Machinists preemption is based on the premise that by regulating certain parts of the collective bargaining process, Congress intended other parts to be free from state regulation and left “to be controlled by the free play of economic forces.” Machinists, 427 U.S. at 140, 96 S.Ct. 2548 (internal quotation marks omitted). The doctrine “is based on the premise that `the use of economic pressure by the parties to a labor dispute is … part and parcel of the process of collective bargaining,'” which means that “neither a state nor the [NLRB] is `afforded flexibility in picking and choosing which economic devices of labor and management shall be branded unlawful.'” Alameda Newspapers, 95 F.3d at 1413 (quoting Machinists, 427 U.S. at 144, 149, 96 S.Ct. 2548). “Machinists pre-emption preserves Congress’ intentional balance between the uncontrolled power of management and labor to further their respective interests.” Boston Harbor, 507 U.S. at 226, 113 S.Ct. 1190 (internal quotation marks omitted).

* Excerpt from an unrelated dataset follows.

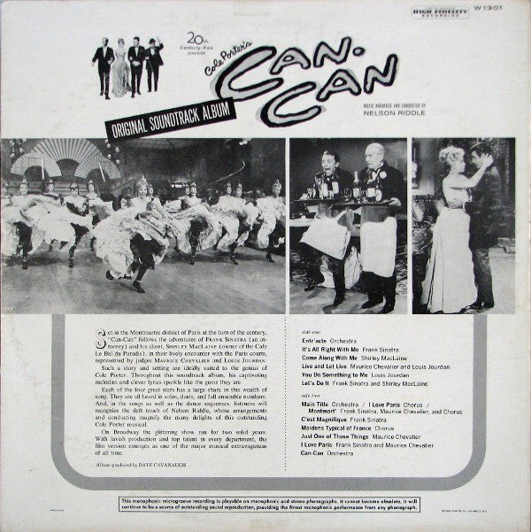 B1. "Can-Can" Original Soundtrack Orchestra, "Can-Can" Original Soundtrack Chorus, Frank Sinatra, Maurice Chevalier, "Can-Can" Original Soundtrack Chorus - Main Title / I Love Paris / Montmart' 3:00

California and the AFL-CIO argue that Congress did not intend the NLRA to limit a state’s ability to control its own funds. Conditions on the use of state funds are, they say, categorically different from more direct restrictions on the labor organizing process. Because sections 16645.2 and 16645.7 allow parties an unfettered ability to use non-state funds to advocate for or against union organization, California and the AFL-CIO claim that the statute merely affects California’s use of its own funds and does not impermissibly regulate in any area the NLRA intended to be regulation-free.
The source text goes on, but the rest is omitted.